Firefighters Battling Fires and Serious Mental Health Challenges

Three local firefighters are talking about battling PTSD, depression and anxiety because they hope no other first responder has to suffer.

For Atwood Hose Deputy Chief Andrew Duval, even odors bring back the trauma he’s experienced on the job.

"The smell of antifreeze triggers it from a previous car accident I've been to," Duval said. 

Colchester Firefighter Dave Barnes said just being at home reminds him of a severe burn victim he met during a call down the block.

"I remember hearing the screaming," Barnes said.

After Stamford Fire Captain Jaques Roy helped recover two bodies in an infamous Christmas day fire five years ago, all it takes to remind him of that horrific day is a certain whitish-pink color, the color he saw one of the fire's young victims wearing.

"I would drive my kids to school and I would drop them off and every little girl with a backpack would have that color on it," said Roy.

The triggers may be different but what most firefighters have in common is the long journey they had to realize they had a problem and then admitting they needed to find the help.

NBC Connecticut teamed up with other NBC stations and The International Association of Fire Fighters (IAFF) to examine the issue of firefighter mental health nationwide. NBC Owned Stations sent surveys to first responders and got almost 7000 responses, including 124 from those working in Connecticut.

Three out of four surveyed said they have lingering or unresolved emotional issues due to stressful experiences as a firefighter.

That includes Manchester Fire Chief David Billings.

After a 2010 workplace shooting that left eight dead, he sought help but found that help to be lacking.

"I feel like I feel like we're doing a good job based on what we have at the moment. But I do absolutely feel like there is more to do," Billings said.

NBC Owned Station's survey results show that appears to be true.

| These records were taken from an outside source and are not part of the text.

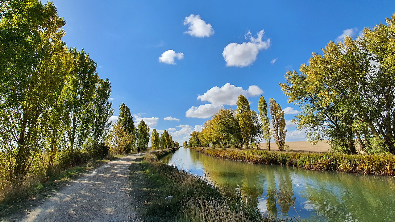 다리 하나를 사이에 두고 드디어 발렌시아 지역으로 넘어간다. 그리고 시작되는 뜻밖의 자작나무들, 가을은 자작나무 숲에서 시작되고 나는 갓 시작된 가을을 걷기 시작했다. 이테로 데 라 베가 마을을 지나고 보아디아 델 카미노 마을을 지나 목적지가 6킬로미터 정도 남은 지점, 언덕 위로 계단 몇 개를 올라서니 상상하지 못했던 운하가 시작되었다. 운하 양 옆으로는 미루나무,갈대들이 즐비하고 그 너머로 끝없는 고원의 평야가 펼쳐지고 있다. 이 운하의 담수가 저 넓은 평야를 적실 것이라 생각하니 내 마음도 촉촉해진다.
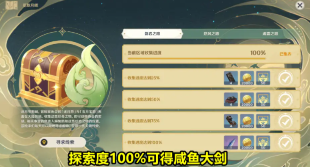 当找齐所有的宝箱和逐月符后,第一天的探索度会达到100%,可以获取“咸鱼大剑”,但是还没完,后续还有武器的精炼材料! 个人是非常不喜欢这个任务的,虽然给到的原石数量很多,但是要跑的地方实在太多,按照我的地图标注,刨除掉位置重合和距离十分接近的宝箱、逐月符,玩家也至少需要跑58个点位。
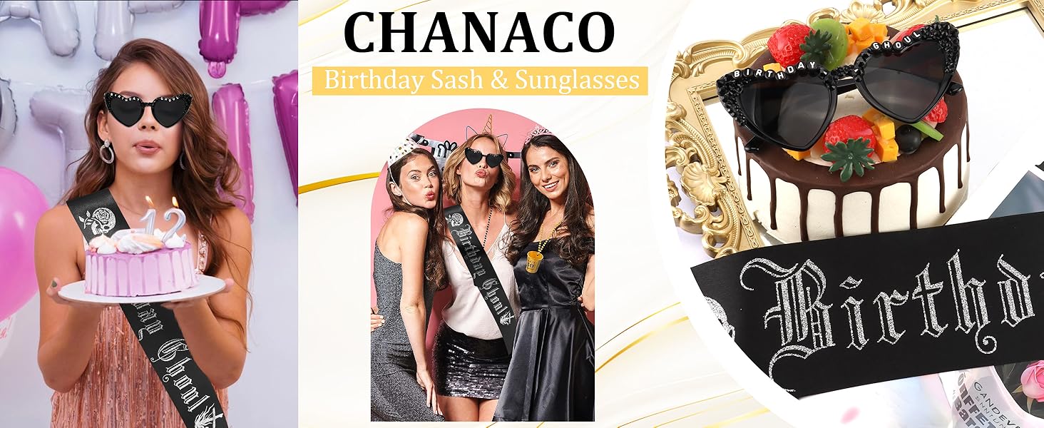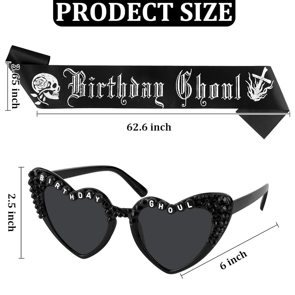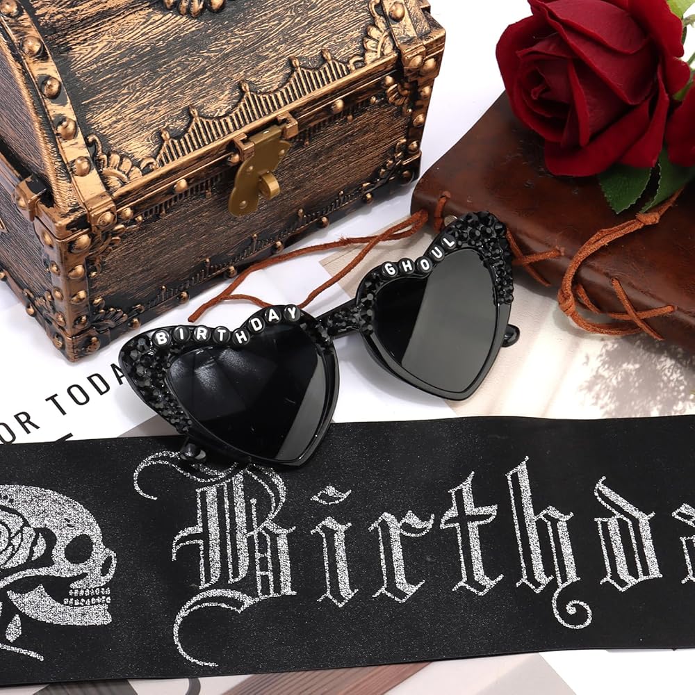Chanaco Birthday Sash for Women Goth Birthday Party Decorations for Girls Black Ghoul Sash and Heart Sunglasses Spooky Emo Horror Gothic Gifts Halloween Accessories
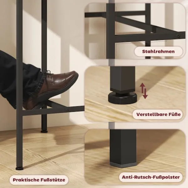 - Justerbara fötter stabiliserar bordet på ojämna golv.
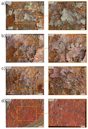 High-resolution digital optical images were registered for two different types of illumination (ring and coaxial) for Au nanoparticles and pristine Composites as well as Au nanoparticles and Composites cooled to room temperature after being heated to 155 °C and kept at this temperature for 5 min (Figure 7 and Figure 8 and Figure S8). The color of pristine Composite 1 was white while pristine Composites 2 and 3 were light pink, because the Au nanoparticles are pink (see Figure 7 and Figure 8). It is seen that the color intensity correlates with the increase in the concentration of Au nanoparticles—it is pinker for Composite 3 with a higher concentration of Au nanoparticles. For pristine Au nanoparticles at 50× and 100× magnification, the network of white lines on the pink area is visible (Figure 7, upper row). In our opinion, these lines are microscale cracks that resulted from the evaporation of the solvent during sample preparation. At 400× and 2000× magnification, chaotically arranged pillars with a length of less than 30 μm are visible in the sub-micro scale. What is interesting, after heating to 155 °C, annealing at this temperature for 5 min, and cooling down to room temperature the color changes to purple and microscale lines are also visible while the pillar’s structure is not (Figure 7, bottom row). In our opinion, the pillars visible at room temperature are Au nanoparticles which self-assemble through the chains of surfactant during isothermal evaporation of the solvent (toluene). In turn, heating to 155 °C causes the destruction of these structures due to thermal reorientation of the 1-octanethiol chains. The break of strong Au-S chemical bonds is also possible under the influence of temperature while the transition of surfactant is ruled out because the melting and boiling point of 1-octanethiol are −49 °C and 199 °C, respectively.
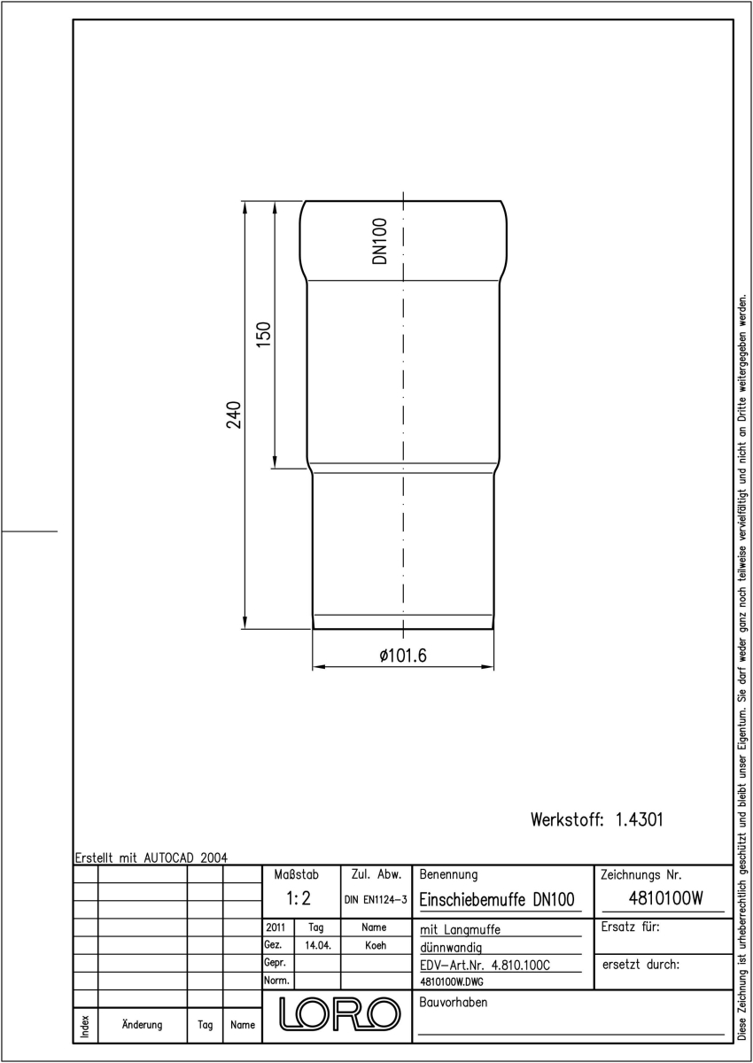 DN 100, Steckm.lg, V2A

  • Four out of five Connecticut firefighters said employee assistance programs don't work in addressing their mental health issues
  • Just 40 percent of Connecticut firefighters said they were helped from critical incident stress debriefings, where a team meets with firefighters and reviews a stressful event step by step

According to our survey, 70 percent of Connecticut firefighters found peer-to-peer counseling helpful.

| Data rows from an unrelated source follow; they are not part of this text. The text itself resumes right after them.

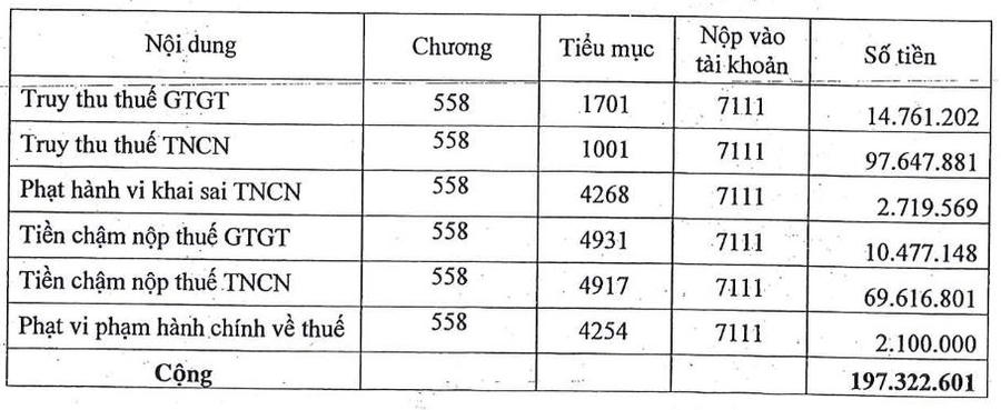 Cụ thể, TDM bị xử phạt hành chính về thuế và do khai sai thuế thu nhập cá nhân gần 5 triệu đồng, bị truy thu hơn 112 triệu đồng và tiền chậm nộp 80 triệu đồng.
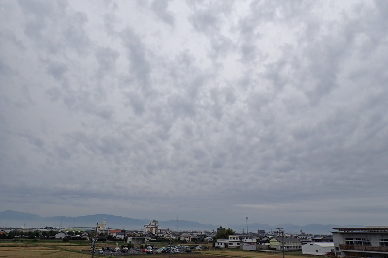 一様な高層雲の下に雲が流れてきて、部分的にアスペリタス波状雲のようになりましたが、
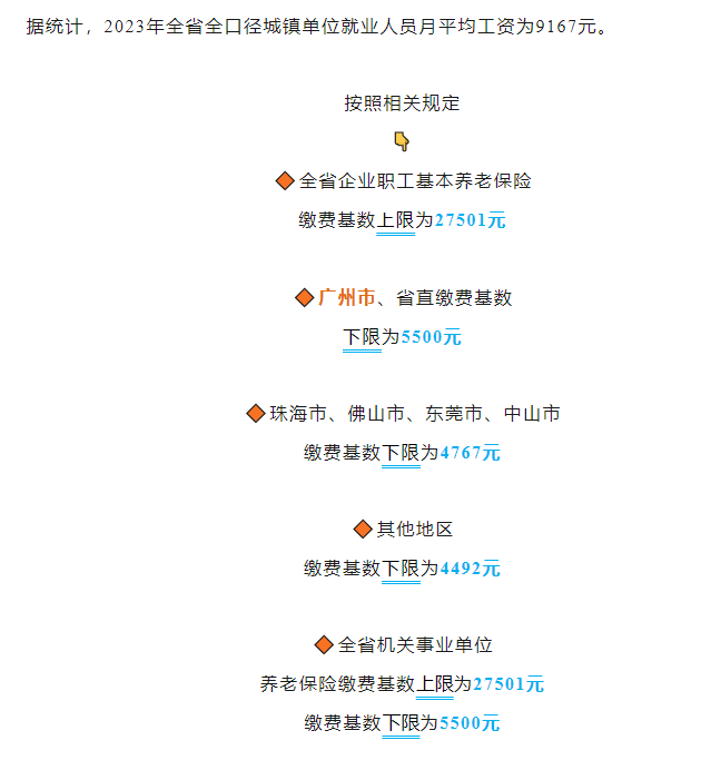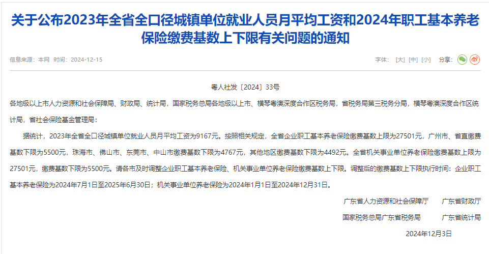 廣東發(fā)布2024年職工基本養(yǎng)老保險繳費基數(shù)上下限

"You trust your peer, you know they understand," Roy said.

Firefighters surveyed said there needs to be more discussions or training about mental health. Some said their departments address it once a year at most.

Billings has researched something called "resiliency training" which teachers firefighters to develop emotional strength before a stressful incident, so the effects don't linger as long afterward.

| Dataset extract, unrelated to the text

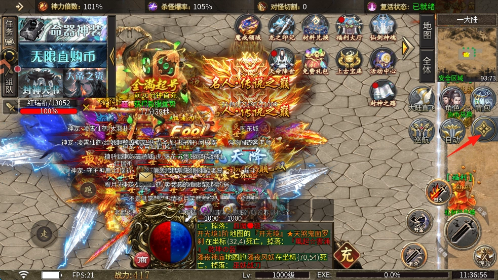 1、普通怪物有概率直接掉落頂級裝備,掉落時伴紅光柱提示,散人無需氪金實現(xiàn) “打金自由”。
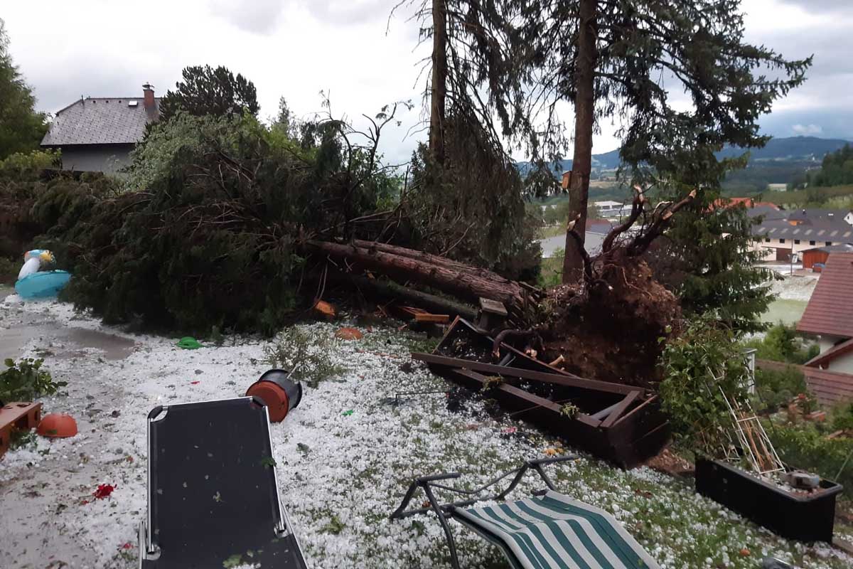 Überflutete Keller, abgedeckte Dächer, zerschossenen Dächer und zahlreiche Wasserschäden wurde abgearbeitet.

But the hardest part in getting firefighters the assistance they need may be in ending the stigma of coming forward and admitting you need help.

In Connecticut, more than 80 percent of those surveyed said there's a stigma about mental health issues and that makes them reluctant to seek out the assistance they need;

The firefighters NBC Connecticut spoke with believing over time, things will change, because Duval said, it has to.

"We need to start taking care of ourselves and the service because if we kept going we were going twenty years ago, thirty years from now there'd be no fire service," Duval said.